舞台は文京区、東京ドームだ。だが、その熱狂を電波に乗せて届ける権利は、もはや日本の民放にはない。何百億という放映権料の壁の前に、もはや一国の「国民的行事」は、海を越えたアメリカ企業の私有地(プラットフォーム)へと囲い込まれたのだ。

 

日本のテレビ局が指をくわえて見守る中、我々の払う月額料金は、太平洋を渡ってシリコンバレーへと積み上がる。いいビジネスだ。‥本当に。かつて誰もが同じ時間に同じチャンネルで一喜一憂した、あの「お茶の間の連帯」は、もう二度と戻らないのかもしれない。

 

月額料金を払っているが、同時にネトフリの株価を支える「数字」の一部に過ぎない。WBCというナショナリズムの熱狂すら、彼らにとっては「第1四半期の純増数」という無機質なデータに変換される。

大谷がホームランを打つたびに、シリコンバレーのサーバーが喜び、アルゴリズムが微笑む。この構図こそ現代で最も洗練された「収奪の形」ではないか。

 

(C)amazon ※プールC(東京ドームR)以外も放映される

Netflix

 

日本のテレビマンたちが「野球愛」や「公共性」という古いスカウティングに縋っている間に、外資の巨人はアルゴリズムと時価総額でマウンドを制圧してしまった。

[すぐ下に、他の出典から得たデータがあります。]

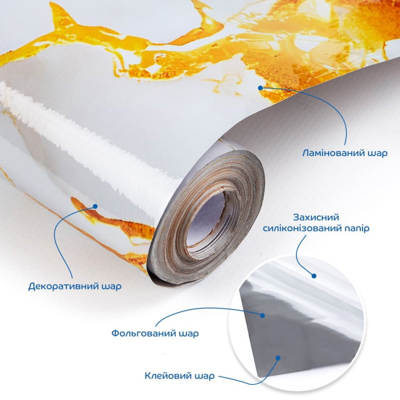 Самоклеюча плівка Sticker wall 60cm*10m SW-00002395 Ламінована самоклеюча плівка – це гнучкий і міцний матеріал, що відрізняється високою стійкістю до розриву. Одна із сторін плівки покрита спеціальним клейовим шаром, що забезпечує її легкість у використанні. Цей універсальний матеріал широко застосовується для облицювання, захисту, декоративного оформлення та відновлення гладких поверхонь. Її переваги включають простоту монтажу, довговічність та можливість використання в різних умовах. Ламінована плівка буває у різних відтінках, текстурах та дизайнах, що дозволяє підібрати варіант під будь-який інтер'єр. Вона також ефективно захищає поверхні від механічних пошкоджень, впливу вологи та ультрафіолетових променів, продовжуючи термін служби меблів або стін. Розміри: 600х10000 мм. Площа покриття: 600х10000 – 6 кв. Фактура: немає рельєфу, поверхня глянсова. Плівка складається з кількох шарів, кожен із яких виконує певні завдання: 1. Ламінований шар. Верхній шар плівки служить для захисту від подряпин, плям і вологи. Він надає поверхні глянцевий блиск і спрощує очищення від забруднень. 50 градусів. вали, що забезпечують міцне зчеплення з базовим шаром без деформації. 2. Декоративний шар. Під захисним покриттям розташовується шар з декоративним малюнком або текстурою, що імітує дерево, мармур, плитку або інші поверхні. 3. Фольгований шар. Цей шар підвищує міцність плівки, забезпечуючи її стійкість до розривів, вологи та перепадів температур. Завдяки фользі поверхня набуває додаткової яскравості та стильного світловідбиваючого ефекту. 4. Клейовий шар. Спеціальна нетоксична клейова основа забезпечує надійне зчеплення плівки з поверхнею, створюючи міцне та довговічне з'єднання. 5. Захисний силіконізований папір Цей шар покриває клейову основу до моменту монтажу, запобігаючи її забрудненню, пересиханню або випадковому прилипанню. Застосування: Плівка ідеально підходить для внутрішніх оздоблювальних робіт, включаючи декорування та облицювання різних поверхонь у житлових приміщеннях: кухнях, вітальнях, дитячих кімнатах, спальнях та передпокоях. Також вона широко використовується в комерційних просторах, таких як офіси, зони рецепції, магазини, салони краси та фітнес-центри. Матеріал чудово підходить для оновлення зовнішнього вигляду меблів, дверей та побутової техніки, надаючи їм стильного та сучасного вигляду. Плівка стійка до зношування і легко очищається, що робить її чудовим вибором для приміщень з високою прохідністю або вимогами до чистоти. Використовуючи цю плівку, ви зможете швидко перетворити інтер'єр без великих витрат та складних ремонтних робіт. Властивості та переваги ламінованої самоклеючої плівки: 1. Висока міцність Завдяки фольгованій основі матеріал відрізняється винятковою стійкістю до розривів. Плівку практично неможливо пошкодити без попереднього надрізу, що забезпечує довговічність та спрощує процес монтажу. 2. Зносостійкість Ламіноване покриття надійно захищає плівку від подряпин, забруднень, пилу та плям, зберігаючи її привабливий зовнішній вигляд навіть за інтенсивної експлуатації. Поверхня легко очищається, що продовжує термін служби виробу та підтримує його естетичні якості. 3. Вологостійкість Плівка стійка до впливу вологи завдяки ламінованому шару, що робить її відмінним вибором для приміщень з підвищеною воло

まるで映画【マネー・ボール】で、経験豊富な老スカウトたちが、データと効率を説く若きGMに一掃された、あの残酷な転換点のようだ。来週、東京ドームで繰り広げられるのは、国民的行事の皮をかぶった、高度な「資本の再配置」に過ぎない。放映権という名のチップを積み上げた者だけが座れる、この冷徹な株価操縦ゲーム。

 

WBCの熱狂を横目に、解約予約のページをブックマークする。大会が終われば、ワシの支払った数百円は、ネトフリのバランスシートを微かに押し上げる一滴の数字となり、太平洋の向こう側へと吸い込まれていく。

 

リモコンの電源ボタンを押し、強制的に熱狂を遮断する。網膜に焼き付いたスタジアムの光が消えたあとに広がるのは、デジタル資本主義という名の、だだっ広い「空白」だ。

日本のテレビ局が、もはや自分たちの手に負えなくなった「ゲーム」の残骸を呆然と眺めている姿が、映画のラストシーンの残像と重なって見えた。